After Pakistan’s worst ever floods, are new dams nigh?

by Jahanzeb Aslam
Behrouz Mehri—AFP

Behrouz Mehri—AFP

After Pakistan’s worst ever floods, are new dams nigh?

Could more dams have helped power-poor Pakistan escape some of the devastation from the monsoon floods? The construction of large-scale dams has always been a contentious political issue among the four provinces vying for their share of water. Now could events finally be favoring the most controversial of all, the never-built Kalabagh Dam?

Touring affected areas in the Punjab, Prime Minister Yousaf Raza Gilani said the dam would have contained much of the floodwaters had it existed. Others agree. “If Kalabagh Dam had been there, this flood would have been much smaller,” says Shamsul Mulk, former chief of the Water and Power Development Authority. During peak flooding, the meteorological department measured a discharge of 820,000-cubic-feet per second at Kalabagh—well within the design capacity of the dam. Kalabagh would also have afforded greater reaction time for evacuations, says Mulk.

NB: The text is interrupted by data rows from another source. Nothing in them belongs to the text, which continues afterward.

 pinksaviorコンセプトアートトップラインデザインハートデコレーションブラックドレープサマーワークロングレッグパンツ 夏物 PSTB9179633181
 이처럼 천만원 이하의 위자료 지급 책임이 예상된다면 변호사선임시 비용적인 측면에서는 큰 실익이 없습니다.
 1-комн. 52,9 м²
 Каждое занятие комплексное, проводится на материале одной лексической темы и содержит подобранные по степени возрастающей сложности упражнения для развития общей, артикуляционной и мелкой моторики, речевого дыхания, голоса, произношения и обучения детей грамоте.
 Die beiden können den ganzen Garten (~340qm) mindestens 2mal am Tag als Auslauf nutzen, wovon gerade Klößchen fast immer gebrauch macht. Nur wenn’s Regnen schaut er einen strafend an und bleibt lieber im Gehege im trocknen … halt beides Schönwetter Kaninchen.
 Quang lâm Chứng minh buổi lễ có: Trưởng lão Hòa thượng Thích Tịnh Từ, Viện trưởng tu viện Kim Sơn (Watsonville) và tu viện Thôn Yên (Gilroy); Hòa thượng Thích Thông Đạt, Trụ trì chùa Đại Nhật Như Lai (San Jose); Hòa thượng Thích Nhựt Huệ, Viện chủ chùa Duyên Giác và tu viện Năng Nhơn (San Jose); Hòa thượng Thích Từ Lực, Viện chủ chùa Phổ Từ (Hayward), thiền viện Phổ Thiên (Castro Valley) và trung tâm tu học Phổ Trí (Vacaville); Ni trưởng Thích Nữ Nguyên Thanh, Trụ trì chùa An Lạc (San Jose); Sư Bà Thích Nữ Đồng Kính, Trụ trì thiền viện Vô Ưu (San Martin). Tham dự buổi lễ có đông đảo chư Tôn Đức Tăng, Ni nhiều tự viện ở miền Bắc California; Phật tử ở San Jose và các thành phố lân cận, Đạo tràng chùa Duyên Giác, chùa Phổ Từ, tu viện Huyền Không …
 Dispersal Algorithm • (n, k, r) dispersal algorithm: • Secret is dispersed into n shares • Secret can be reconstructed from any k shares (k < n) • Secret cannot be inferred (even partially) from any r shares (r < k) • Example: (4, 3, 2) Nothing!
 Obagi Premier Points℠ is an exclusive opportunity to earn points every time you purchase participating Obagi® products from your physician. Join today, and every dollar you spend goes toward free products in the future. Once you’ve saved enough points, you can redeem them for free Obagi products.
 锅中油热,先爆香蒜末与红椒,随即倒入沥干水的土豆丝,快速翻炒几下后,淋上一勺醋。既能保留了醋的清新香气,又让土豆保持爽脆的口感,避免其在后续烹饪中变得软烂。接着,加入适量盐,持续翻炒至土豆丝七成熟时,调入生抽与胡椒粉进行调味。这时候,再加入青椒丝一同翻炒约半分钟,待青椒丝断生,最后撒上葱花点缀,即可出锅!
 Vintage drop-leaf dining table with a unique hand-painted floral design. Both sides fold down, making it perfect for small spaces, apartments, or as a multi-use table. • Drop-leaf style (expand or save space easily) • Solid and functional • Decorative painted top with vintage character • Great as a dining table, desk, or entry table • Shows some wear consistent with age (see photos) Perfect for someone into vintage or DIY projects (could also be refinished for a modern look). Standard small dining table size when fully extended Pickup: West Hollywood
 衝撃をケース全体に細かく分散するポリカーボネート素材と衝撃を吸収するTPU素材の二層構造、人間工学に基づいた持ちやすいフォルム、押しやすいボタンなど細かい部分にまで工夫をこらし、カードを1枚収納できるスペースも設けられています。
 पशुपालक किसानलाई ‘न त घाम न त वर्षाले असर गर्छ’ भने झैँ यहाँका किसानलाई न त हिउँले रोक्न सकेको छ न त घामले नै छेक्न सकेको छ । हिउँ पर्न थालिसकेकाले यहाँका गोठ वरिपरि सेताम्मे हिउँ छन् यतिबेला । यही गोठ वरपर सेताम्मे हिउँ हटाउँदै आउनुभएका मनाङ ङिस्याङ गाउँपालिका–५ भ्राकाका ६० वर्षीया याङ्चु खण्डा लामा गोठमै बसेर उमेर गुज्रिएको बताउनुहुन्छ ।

While the dam has the cautious support of the Pakistan Muslim League (Nawaz), which is in power in the Punjab, others, like the Awami National Party, maintain their opposition. The ANP believes Kalabagh would have limited flooding in the Punjab but only at the expense of the Khyber-Pakhtunkhwa province, which it governs. “We will not allow anyone to submerge Peshawar,” says Iftikhar Hussain, spokesman for the provincial government in Peshawar.

Trust, like electricity, is in short supply in Pakistan. Kalabagh, which has been kicking around since 1953, may have to wait a little longer.